The total forcings are evaluated as the increase in flux convergence at the tropopause, and also divided these into the atmospheric and surface portions. As before, these results are for a change from 280 to 560 ppmv of CO2 [Norm presented this values with the same precision as the model output to show that they balanced].
Among the interesting results that he found is that the subarctic winter has the weakest total forcing, but the greatest surface forcing.

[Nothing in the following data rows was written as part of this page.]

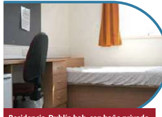
Residencia Dublín hab. con baño privado

Dependiendo del destino, podrás alojarte en residencia, en familia o bien podrías tener ambas opciones disponibles. Si vas a vivir en una residencia, podrás tener una habitación individual o compartida (consulta el programa). El programa de actividades en una residencia es más intenso, ya que después de cenar y hasta las 22:30 siempre tendrás actividades. Las comidas son en comedor y tendrás monitores siempre cerca.
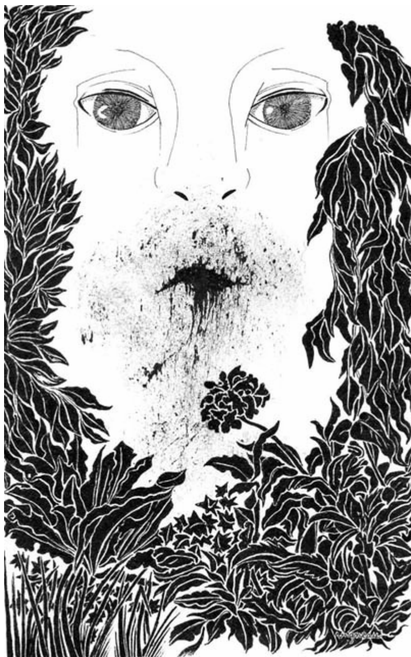
Un satyre écoute
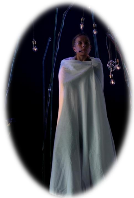
La petite impératrice
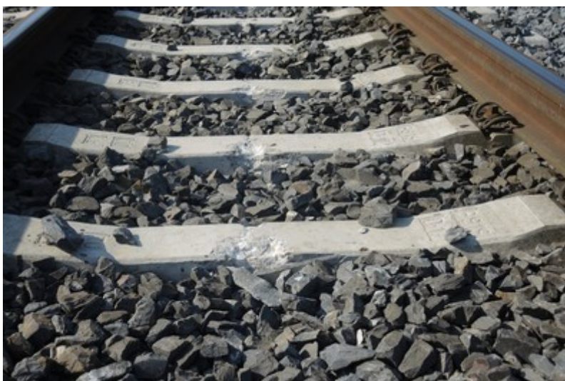
Obr. č. 2: Stopy v kolejišti po jízdě DV ve vykolejeném stavu.
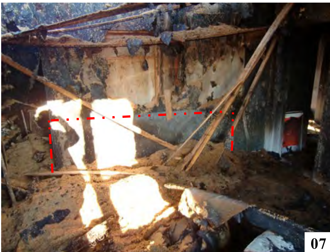
Väggen är skyddad av sänggaveln.
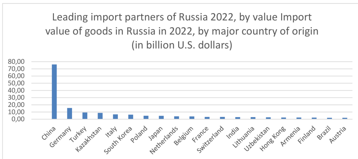
Graf 3 – Hodnota importu zboží do Ruska v roce 2022 podle země původu (Trade Map 3, 2023).

V třetím grafu, na křivce zobrazující hodnotu zboží exportovaného z Ruska do Číny je patrný konstantní nárůst s výjimkou období pandemie covid-19, kdy během roku 2020 export poklesl. V případě importu šlo také o nárůst s mírnou stagnací během roku 2020. V obou případech je na vině pandemie, která v roce 2020 dosahovala vrcholu. Pokles v roce 2015 byl ovlivněn globální situací, kdy kromě uvalení sankcí na Rusko, klesaly ceny nerostných surovin, a navíc také došlo ke problémům s uzavíráním nových bilaterálních smluv mezi Ruskem a Čínou. To se negativně projevilo na celkové hodnotě ruského obchodu s Čínou (Gabuev, 2016).
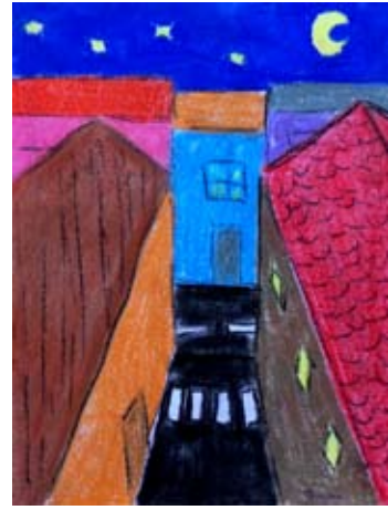
Eliška Brandová, 4. A
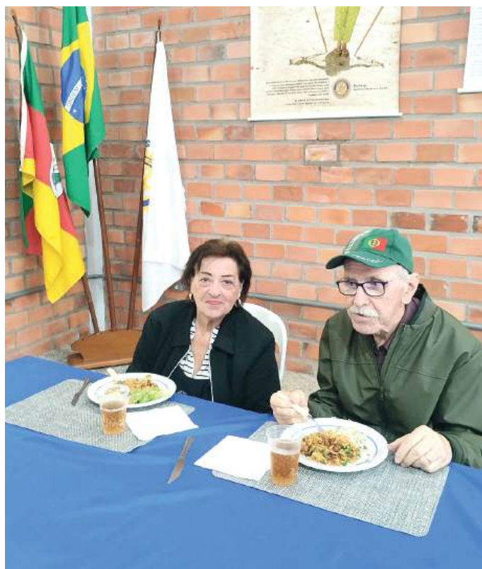
IDOSOS: dedicação de uma vida
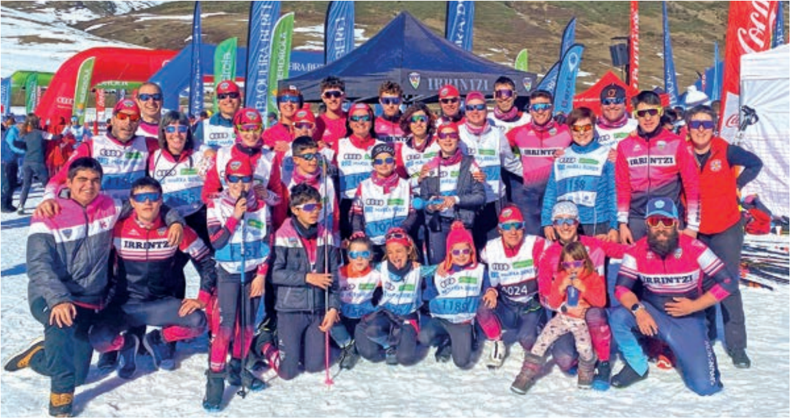
Irritzi taldekoen familia-argazkia.

baina, eta Belaguan ari dira eskolak jasotzen. Elurrik ez dago, baina egia da estazio batzuetan beste batzuetan baino lan handiagoa ari direla egiten dagoen elur hori zaintzeko eta horretan Belaguako estazioa ereduagarri ari da. Iraupen eskiak ez dauka tiradizo handirik ere, eta horrek ere eragina dauka. Beste kontu bat ere badago: beste kirolean, dela futboleko eta eskubaloian esaterako, konpromiso handia eskatzen diete umeei, behin 10 urte betez gero. Ume horiek ez dute aukerarik izaten beste kirol bat probatzeko, astebururo izaten dituztelako partidak. Are, familia-plan bat egiteko aukerarik gabe ere gelditzen dira askotan, eta hori niretzako arazo bat da, kirol horiek gizartearen duten indarragatik beste ate batzuk ixten dizkietelako umeei.

These results illustrate why presenting a single number of radiative forcing as a metric of climate change (such as given in Figure SPM.2 in the 2007 WG1 Statement for Policymakers of the IPCC) is a poor way to assess how the radiative forcing of CO2 and water vapor actually affect weather and other aspects of the climate system. Both the regional and vertical forcing vary geographically and with season, and obviously a global average top of the atmosphere radiative forcing does not capture this important heterogeneity in the climate forcings (also see).